After spending several days with my dad going over a batch of junk radios I'd bought, I felt more confident trying another project on my own. So I picked up this Bendix 753M on eBay for $25 (including shipping). (July 30, 2011)

As usual, you can find the schematic for this radio from Nostalgia Air. They have the Rider version. It appears in Rider's Perpetual Troubleshooter, Volume 23, Page 23-1. It's also in Beitman's Most Needed Radio Diagrams, Volume 14 (1954), Page 18. If you have a choice, Rider has four pages and more info. The Beitman just has the schematic and the dial cord diagrams. I haven't seen the Sams Photofact for this unit so I can't comment on it.

Bendix 735MX SchematicThose schematics are actually for the model 735M. Mine's a 735MX. I have yet to determine what the difference is. The Rider manual says the final letter indicates the cabinet wood: "F" is Cherry, "W" is blond oak and "M" is Mahogany. My guess is that MX is another variation of Mahogany. The cabinet has a schematic diagram glued to it on the bottom; mine is dry and beginning to disintegrate; I've looked it over and it appears identical to the 735M in the Rider/Beitman manuals.

This one's like my GE project in a variety of ways. As the saying goes, if you fall off a horse, you shoot it, send it to the glue factory, and get another horse, or something like that. Both of these are clock-radios, but whereas the GE's Telechron clock was bad and the radio worked, this supposedly had a working clock but the radio was dead. Both are AA5s, and I wanted to take another stab at one, plus I can get tubes fairly easily and inexpensively if I need them.

I don't know much about Bendix Radio. From what little I've been able to skim off the net, it appears that they were mostly military. They dipped their toe into the consumer market in the early-mid 50s with some radios and televisions, didn't like the temperature and got out.

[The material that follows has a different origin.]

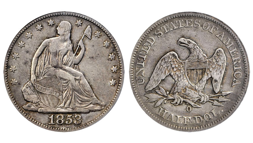 Lot 2099 showcases the finest 1853-O No Arrows Liberty Seated half dollar, a truly legendary rarity in U.S. numismatics, of which just four are known. The specimen carries an impressive provenance that can be traced back to circa 1881, that includes custodianship in the Garrett Collection, the Queller Family Collection, and the Byers Collection.
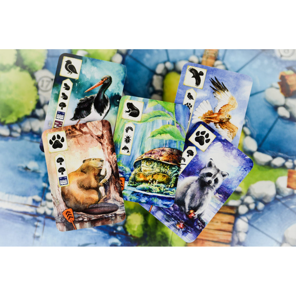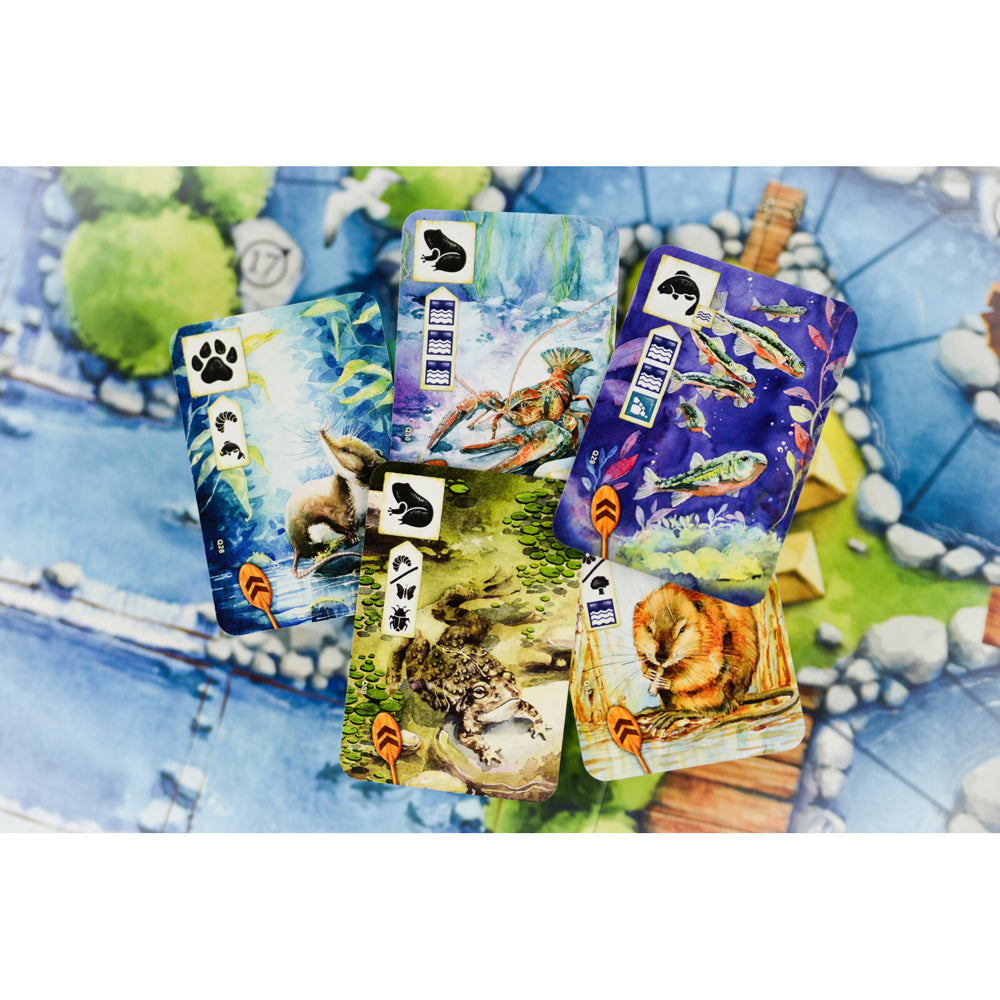 Meadow: Downstream includes over 80 new cards depicting wildlife living in an aquatic environment and a new thematic envelope to discover. Kayaking mechanism allows players to score extra points for progressing down the river. Adjust the level of competition with two-sided river board. Choose between a fast stream and calm river to explore two faces of nature.

This particular model shows up in the "Beitman Most Often Used Radio Diagrams" (i.e. schematics and service docs) book for 1955, so I date it such and it seems right for the period. We're moving out of the date Art Deco period and into modernism. It's got a nice wood cabinet, not wood-grain-painted plastic, and it's in good condition so I try out my tyro refinishing skills without having to jump into the deep end. The clock is by Sessions (the GE had a Telechron).

As I mentioned earlier, 753 is the base model, with three cabinet trim versions: "F" is called "The Cascade." "W" is "The Bedford." Mine is a "Marion." Mahogony is my favorite wood (cherry is second), so I was doubly pleased—at least until I looked at the parts price list in the Rider manual, and found out that the mahogony cabinet was the least-expensive of the three. The original buyer of this radio may simply have been cheap.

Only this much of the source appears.